MuZero and Beyond

Traditional model-based RL learns to predict raw observations: given state and action, predict the next state. But do we really need to predict every detail of the world to plan well? MuZero (Schrittwieser et al., 2020) shows that we don’t—we can learn abstract models optimized for planning, even without knowing the rules of the game.

The Evolution: From AlphaGo to MuZero

The journey to MuZero tells a story of progressive abstraction:

AlphaGo (2016): Used Monte Carlo Tree Search with a known game model. Knew the rules of Go perfectly. Could simulate any game position.

AlphaZero (2017): Generalized to chess and shogi. Still needed the rules. Planning worked because it could perfectly simulate game outcomes.

MuZero (2020): Dropped the need for rules entirely. Learned a model from scratch—not to predict observations, but to plan effectively. Achieved superhuman performance in Go, chess, shogi, AND Atari games.

The key insight: you don’t need to predict what the next frame of an Atari game looks like. You just need to predict what matters for making decisions: rewards and values.

Why Abstract Models?

📖Abstract Model

An abstract model learns to predict in a latent space rather than observation space. Instead of predicting “what will I see next?”, it predicts “what will the value and policy look like from here?”
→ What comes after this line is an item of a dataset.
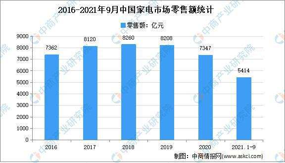 數(shù)據(jù)顯示,中國家電市場2021年1~3季度零售額僅為5416億,較受疫情影響的2020年同期提升7.7%,但相較于2019年同期降幅依然明顯,下降幅度達8.7%。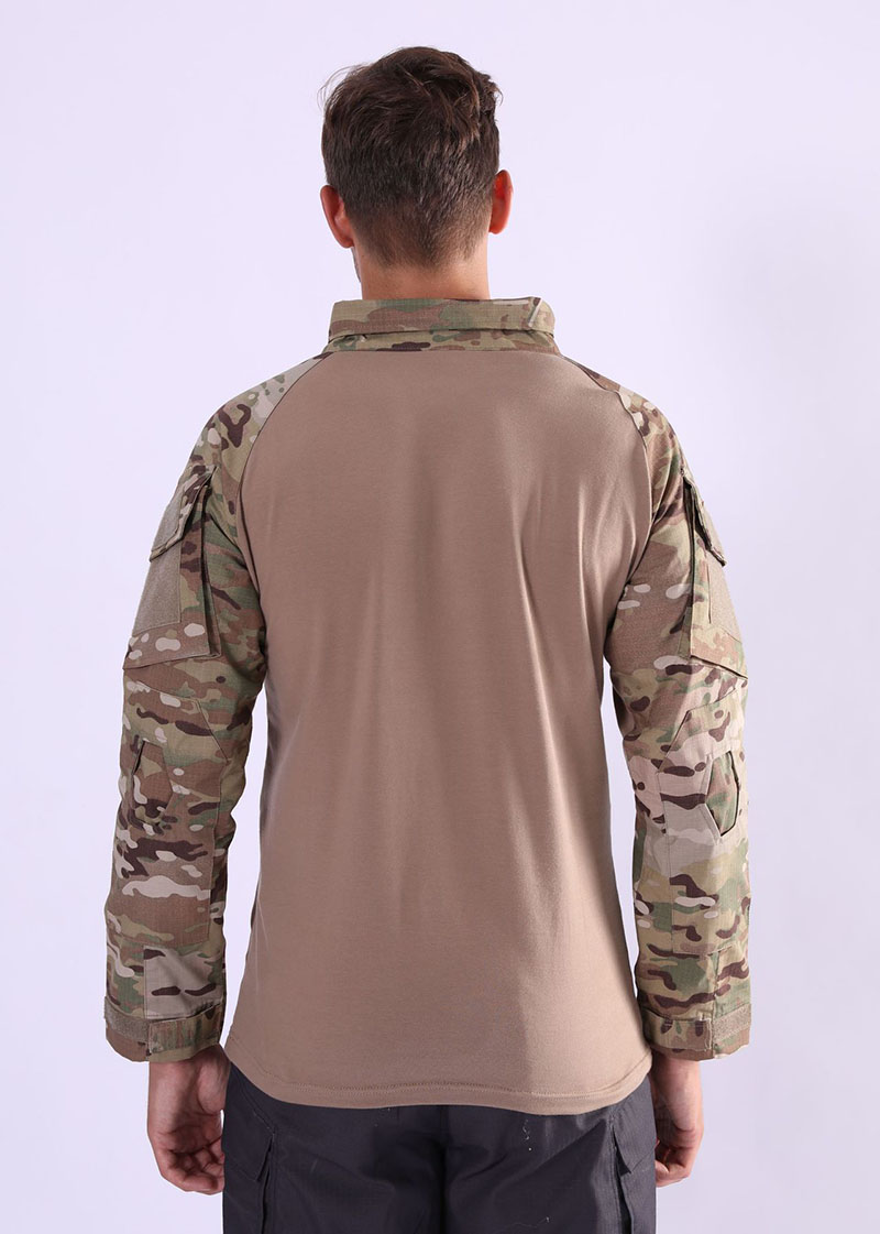 Tactical Combat Shirt Styling with a Clean Field-Ready Look TSL02 is built for customers who want a long sleeve combat shirt that feels sharp, practical, and easy to wear for both active use and daily tactical styling. The contrast between the solid-color body and camouflage sleeves creates a clean, structured look that stands out from an ordinary long sleeve top. It delivers a strong field-inspired identity while still keeping the overall design streamlined and wearable.

The model doesn’t try to reconstruct pixels—it learns representations useful for planning.

When you plan your commute, you don’t simulate every traffic light and pedestrian. You think in abstract terms: “The highway is probably congested, so I’ll take surface streets. That route usually takes 25 minutes.”

Your mental model is abstract—optimized for making decisions, not for reconstructing reality. MuZero learns this kind of model automatically.

⚠️The Problem with Observation Prediction

Traditional models that predict raw observations face two challenges:

Wasted capacity: Most pixels don’t matter for decision-making. The color of the sky in a driving game doesn’t affect whether you should brake.
Compounding errors: Small observation errors compound over multi-step planning. After 20 steps, the predicted game state might look nothing like reality.

Abstract models sidestep both problems by only learning what matters for planning.

The MuZero Architecture

MuZero learns three neural networks that work together:

∑Mathematical Details

1. Representation function $h$ : Maps observations to latent states $s^0 = h_\theta(o_1, ..., o_t)$

2. Dynamics function $g$ : Predicts next latent state and reward $r^k, s^k = g_\theta(s^{k-1}, a^k)$

3. Prediction function $f$ : Predicts policy and value from latent state $p^k, v^k = f_\theta(s^k)$

The key insight: the dynamics function $g$ operates entirely in latent space. It never needs to reconstruct observations—only to produce latent states that support accurate policy and value predictions.

Think of it like this:

Representation: “Here’s what I see. Let me encode it into something useful.”
Dynamics: “If I take this action, here’s what my internal state becomes, and here’s the reward.”
Prediction: “From this internal state, here’s what I should do and how good things are.”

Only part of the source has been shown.